The Most Common Mistakes Homeopaths Make

Uncategorized Nov 04, 2019

When I am teaching Students, I emphasize demonstrating effective strategies for case taking.  Learning how to do Homeopathy correctly and avoiding common mistakes, will lead to your great success.  Here are a few common mistakes some Homeopaths make:

  • Forgetting to set your intention before beginning a case - This happens before the case even begins and in my opinion is one of the most detrimental mistakes there is. Everything that happens during the case must be witnessed and understood without prejudice. If your intention is not set to be a clear, unprejudiced observer, out of your own way and open to be an empathetic listener, you will likely be unsuccessful in hearing what is asking to be healed. Instead, you may be involved in your own story in your mind and miss vital details. The first thing to do as a Homeopath is setting your intention. Be clear and ready for the case to unfold before you.
  • Being inaccurate with rubric selections - The repertory is a very exact work. The words used in the repertory have specific meaning. If you do not know the meaning of a rubric or select a rubric that is close to the idea you have, but is not precisely accurate you are doomed to fail. Utilize the dictionary when you do not fully understand a word. Utilize the cross-references and word index of the repertory. This way you can look for other rubrics that might better describe the symptom the Client is sharing. Choosing the right rubric will lead to a right remedy.
  • Choosing too many rubrics that are not key to the core idea of the case - If you choose too many rubrics that are not expressive of what is asking to be healed, you will dilute the case and end up with a miss-mash of remedies to consider. Remember the three legged stool. The case can usually be described with three undeniable and clear rubrics that best describe the energy of the case. Choosing 10 different rubrics that cover all the Client has spoken of will make for a very confusing case. Keep it simple. Choose good rubrics with a medium number of remedies (20-60). They will usually cross to only 3-10 remedies and make your job much easier.
  • Using conjecture to understand the case and not the simple words the Client used - It is common to read into a Client's testimony your own ideas about them. This is "transcendental speculation" and Hahnemann warned us about this in the Organon. Here is an example:  Just because a person has experienced loss in their life does not always mean they are in grief. There could be grief and they may be handling their grief perfectly. Then would grief be a proper part of the case? Sometimes not, especially if there is something else that is more pronounced that is asking to be healed and loss is not the core energy of their dis-ease. You must know what is asking to be healed before you can find the correct remedy.
  • Choosing the wrong remedy because of laziness or feeling pressured for time - This may prevent you from investigating all of the remedies that you think might be possible for the case and you may miss the most perfect remedy. Learn Materia Medica. When there is a remedy that appears and you know nothing about it, read about it first before prescribing a remedy you know. Sometimes the remedy that is smaller and less well known is a perfect fit. Don't be lazy. Do the research. You will learn more about the remedies in the Materia Medica in the process.
  • Failing to know what is asking to heal - This is probably the biggest mistake of all. It is imperative that you understand, in it's essence, what is asking to be healed. This can happen when you are not paying close enough attention to everything that presents in the case, or it can come from lack of experience. This is one of the biggest hurdles to being a successful Homeopath. Understanding what is asking to be healed will lead you to finding the correct remedy.
  • Choosing the wrong potency - Often the Homeopath will have a set idea about potencies. Every case is different and every case needs the correct potency and repetition of the dose for the Client to remain inspired in their healing. The strength of the Vital Force needs to be assessed and the obstacles to cure need to be known before the correct potency could be given. Experience is helpful in knowing what potency is best. Giving too high a potency to start the healing of a chronic case can be very dangerous, creating unnecessary aggravations. Be careful. It is always best to go low and slow.

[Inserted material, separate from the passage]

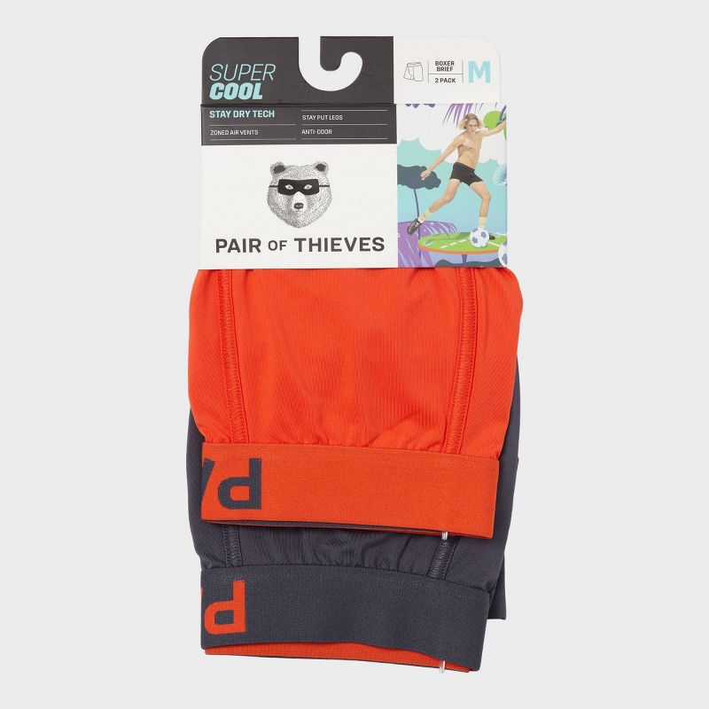 Pair of Thieves Men's 2pk Sport Boxer Briefs - Tomato Red L: Tagless, Mesh Fabric, Flat Seams, Elastic Waistband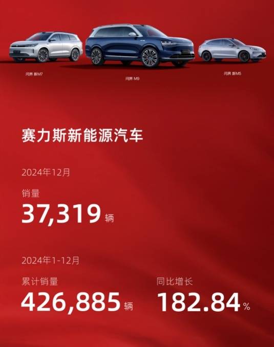 2025年1月1日,赛力斯发布2024年12月产销快报。数据显示,赛力斯12月新能源汽车销量达37319辆;1-12月新能源汽车累计销量达426885辆,同比增长182.84%。

There are probably another thousand mistakes that can be made but these are the biggest and most common I've seen. To be a successful Homeopath, pay attention to yourself and watch that you refrain from making these mistakes repeatedly. Repeated mistakes lead to bad habits that are not easy to break. Be mindful to act with integrity and confidence so you do effective remedy prescribing. Always strive to do better and come from your good intention.